Start at the line below containing "Die Zeiteinteilung für" and stop at the line containing "一位网友在问政四川的官网上反". Repeat every line of that stretch exactly, and nothing outside it.

[DATA EXCERPTS Boundary: Start]

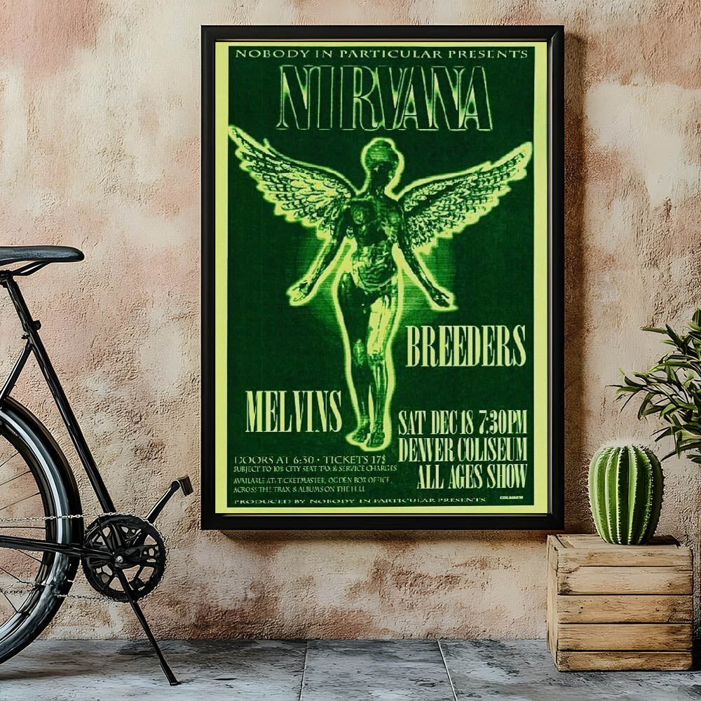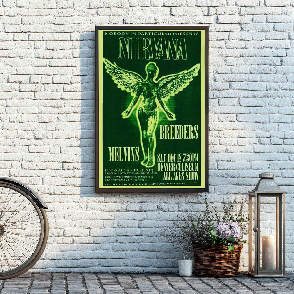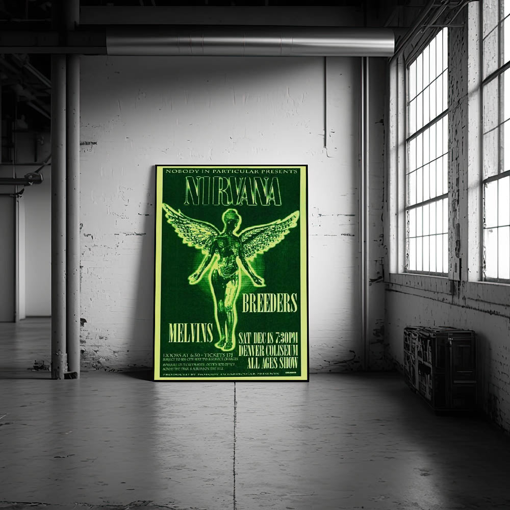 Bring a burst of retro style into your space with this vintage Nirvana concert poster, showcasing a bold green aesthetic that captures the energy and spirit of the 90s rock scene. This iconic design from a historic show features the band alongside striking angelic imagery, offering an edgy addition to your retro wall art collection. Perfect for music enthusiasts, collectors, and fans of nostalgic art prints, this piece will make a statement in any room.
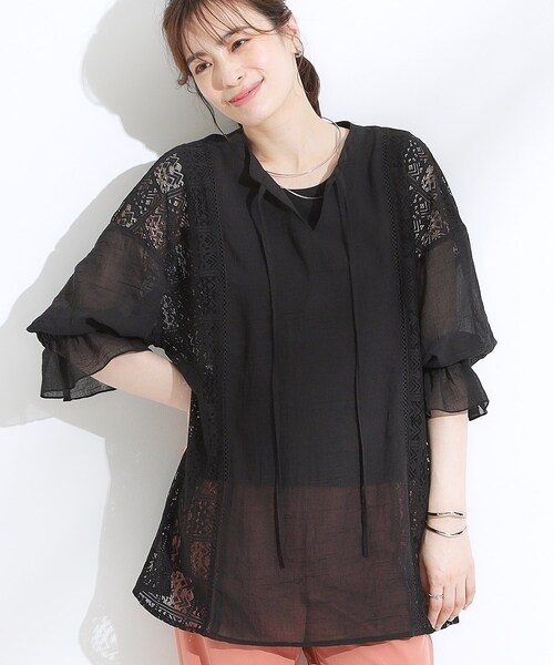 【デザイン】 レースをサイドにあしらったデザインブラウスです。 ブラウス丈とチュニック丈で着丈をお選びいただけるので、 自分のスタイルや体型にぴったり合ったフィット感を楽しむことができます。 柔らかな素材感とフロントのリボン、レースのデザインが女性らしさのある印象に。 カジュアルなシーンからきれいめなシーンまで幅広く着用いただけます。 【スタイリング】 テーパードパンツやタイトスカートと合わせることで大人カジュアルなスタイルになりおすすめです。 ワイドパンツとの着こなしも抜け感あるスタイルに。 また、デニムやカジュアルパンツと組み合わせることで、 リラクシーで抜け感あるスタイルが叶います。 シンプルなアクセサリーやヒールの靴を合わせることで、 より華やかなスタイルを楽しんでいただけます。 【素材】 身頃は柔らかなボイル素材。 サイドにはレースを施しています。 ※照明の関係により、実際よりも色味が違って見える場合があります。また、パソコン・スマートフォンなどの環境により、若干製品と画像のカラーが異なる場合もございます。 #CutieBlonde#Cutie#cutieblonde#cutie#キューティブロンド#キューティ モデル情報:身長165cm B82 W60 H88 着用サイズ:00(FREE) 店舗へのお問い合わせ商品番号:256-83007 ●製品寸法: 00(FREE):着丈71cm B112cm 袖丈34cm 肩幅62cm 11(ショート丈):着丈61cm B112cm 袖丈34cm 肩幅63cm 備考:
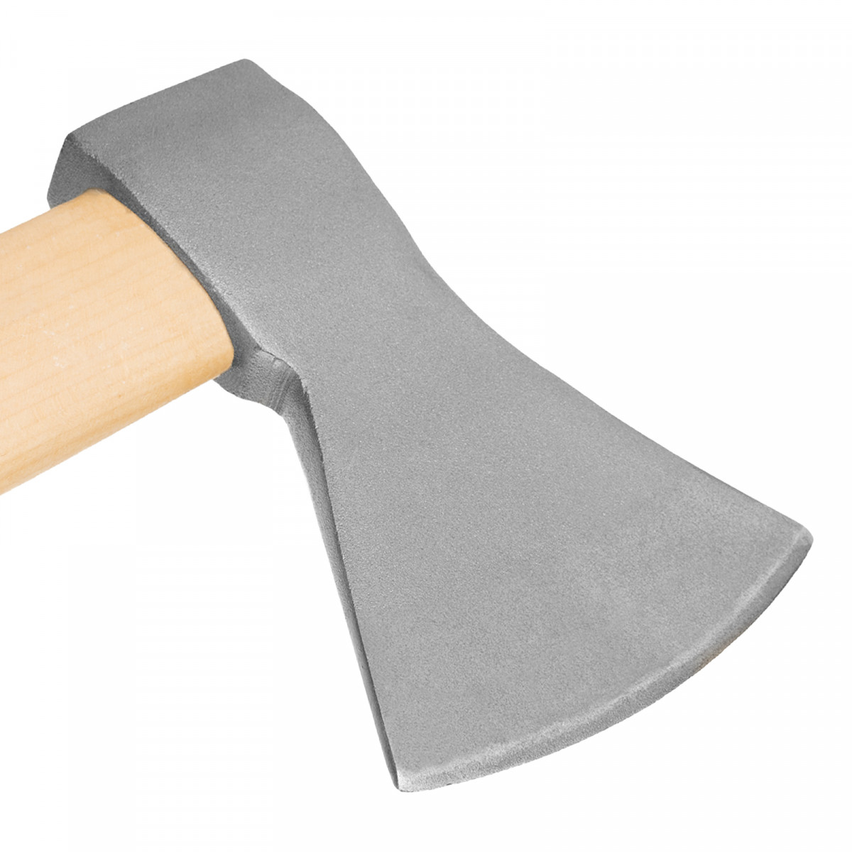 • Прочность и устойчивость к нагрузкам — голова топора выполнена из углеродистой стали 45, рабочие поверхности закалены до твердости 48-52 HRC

[DATA EXCERPTS Boundary: End]
[DATA EXCERPTS Boundary: Start]

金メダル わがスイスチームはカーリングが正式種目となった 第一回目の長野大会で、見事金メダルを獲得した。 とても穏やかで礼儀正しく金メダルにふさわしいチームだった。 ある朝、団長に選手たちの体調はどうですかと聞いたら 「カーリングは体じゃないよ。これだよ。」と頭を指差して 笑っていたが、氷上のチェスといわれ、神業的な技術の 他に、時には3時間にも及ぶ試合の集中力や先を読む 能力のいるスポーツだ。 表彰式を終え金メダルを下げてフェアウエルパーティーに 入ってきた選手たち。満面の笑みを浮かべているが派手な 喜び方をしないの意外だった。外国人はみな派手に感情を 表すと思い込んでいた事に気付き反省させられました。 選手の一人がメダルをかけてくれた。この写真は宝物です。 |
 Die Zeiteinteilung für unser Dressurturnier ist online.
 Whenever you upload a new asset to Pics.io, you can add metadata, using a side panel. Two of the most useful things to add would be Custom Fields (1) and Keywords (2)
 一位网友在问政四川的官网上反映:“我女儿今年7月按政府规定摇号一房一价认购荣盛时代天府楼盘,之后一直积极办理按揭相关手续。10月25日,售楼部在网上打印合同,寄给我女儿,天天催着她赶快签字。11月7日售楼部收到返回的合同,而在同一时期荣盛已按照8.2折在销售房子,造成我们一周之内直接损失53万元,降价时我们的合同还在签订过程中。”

[DATA EXCERPTS Boundary: End]

**ANSWER:**
 Die Zeiteinteilung für unser Dressurturnier ist online.
 Whenever you upload a new asset to Pics.io, you can add metadata, using a side panel. Two of the most useful things to add would be Custom Fields (1) and Keywords (2)
 一位网友在问政四川的官网上反映:“我女儿今年7月按政府规定摇号一房一价认购荣盛时代天府楼盘,之后一直积极办理按揭相关手续。10月25日,售楼部在网上打印合同,寄给我女儿,天天催着她赶快签字。11月7日售楼部收到返回的合同,而在同一时期荣盛已按照8.2折在销售房子,造成我们一周之内直接损失53万元,降价时我们的合同还在签订过程中。”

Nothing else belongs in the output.